Stakeholders in support systems for self-care for chronic illness: the gap between expectations and reality regarding their identity, roles and relationships
Pumar-Méndez MJ (1), Mujika A (1), Regaira E (2), Vassilev I (3), Portillo MC (3), Foss C (4), Todorova E (5), Roukova P (6), Ruud Knutsen IA (4), Serrano M (7), Lionis C (8), Wensing M 9, Rogers A (3).
(1) School of Nursing, University of Navarra, Navarra, Spain.
(2) Quality Department, Clínica Universidad de Navarra, Navarra, Spain.
(3) Faculty of Health Sciences, NIHR Wessex CLAHRC, University of Southampton, Hampshire, UK.
(4) Institute of Health and Society, University of Oslo, Oslo, Norway.
(5) Department of Economic Sociology, University of National and World Economy, Sofia, Bulgaria.
(6) Department of Economic and Social Geography, NIGGG, Bulgarian Academy of Sciences, Sofia, Bulgaria.
(7) Education, Health and Society Foundation, Murcia, Spain.
(8) Clinic of Social and Family Medicine, Department of Social Medicine, University of Crete, Heraklion, Greece.
(9) Radboud University Medical Centre, Radboud Institute for Health Sciences, Nijmegen, The Netherlands.
BACKGROUND AND OBJECTIVE:
The spread of self-care holds the promise of containing chronic illness burden. Falling within the framework of a FP7 collaborative research project, this paper reports the views of key informants from six countries regarding who the main stakeholders are at different levels in the support system for self-care for patients with chronic illness (SSSC) and how they accomplish their role and collaborate.
90 Interviews with purposefully selected key informants from Bulgaria, Greece, the Netherlands, Norway, Spain and United Kingdom were conducted. Interviews involved government and local authorities, politicians, academics, health professionals and private sector representatives. Interviewers followed an expert opinion-based guide. Analysis involved a cross-country examination with thematic analysis and framework method techniques.

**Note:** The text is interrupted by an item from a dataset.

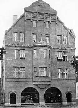 Die Giebelfassade war zum Kaiser-Friedrich-Platz ausgerichtet und wurde von einem mittig angelegten Konsolerker mit Zwiebeldachbekrönung, der sich über zwei Geschosslagen erstreckte, wesentlich geprägt. Im Untergeschoss befanden sich Ladenräume, deren große Schaufenster mit Rundbogen die massive architektonische Gliederung der restlichen Architektur etwas auflockerten. Flankiert wurden die Schaufenster jeweils von einem Eingang mit Rundbogenabschluss. Das Gebäude wurde 1907 in der Fachzeitschrift Der Profanbau abgebildet.[9] Zudem erfolgte 1909 eine Rezeption in Das Deutsche Haus II. Serie, wo neben einer kolorierten Fotografie auch Aufrisse von der Seite und von vorne sowie Grundrisse von verschiedenen Geschossen auf den Tafeln 25 und 26 sehen sind.[10]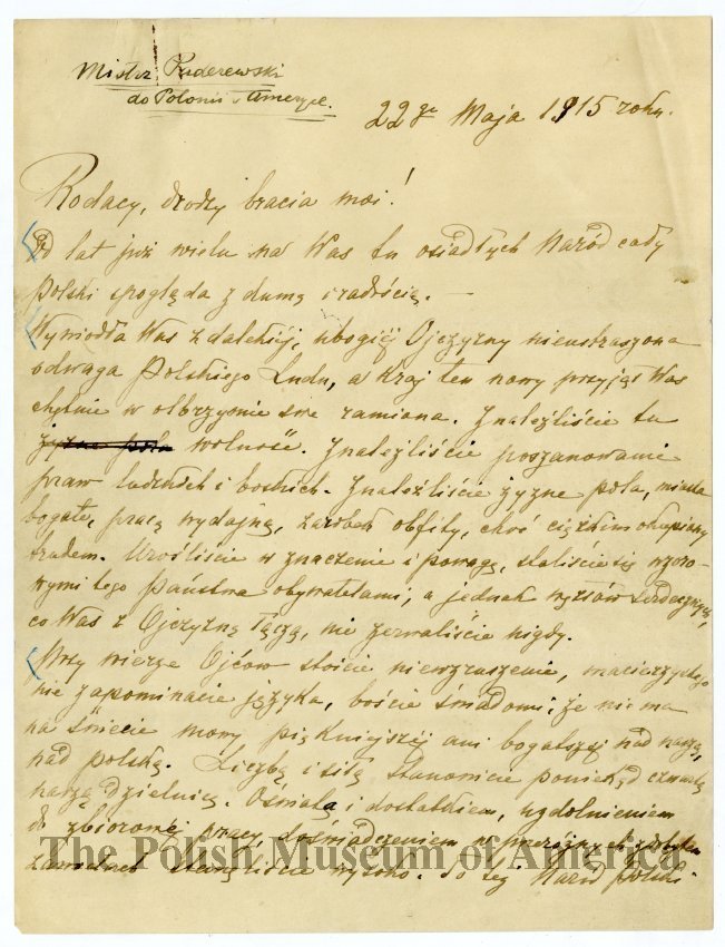Przemowienie – "Mistrz Paderewski do Polonii w Ameryce", wygloszone 22 maja 1915 roku w Humboldt Park, Chicago

Key informants described the ideal SSSC as inclusive, interdependent and patient-centred. The following main stakeholders in SSSC were identified: patients, governments, health-care professionals, associations, private companies and the media.
In the current SSSCs, collaboration among stakeholders within and across different levels was said to be lacking. Patients were seen as playing a passive subordinate role based on the following: their own attitudes; the paternalistic and medicalized attitudes of the health-care professionals; their misrepresentation by patient associations; and their exposure to the damaging influences of media and industries.
Making SSSC patient-centred constitutes the greatest challenge for European authorities. Strategies must be revised for promoting patient participation. They should undergo changes so as to promote industry and media social responsibility and patient association advocacy capacity.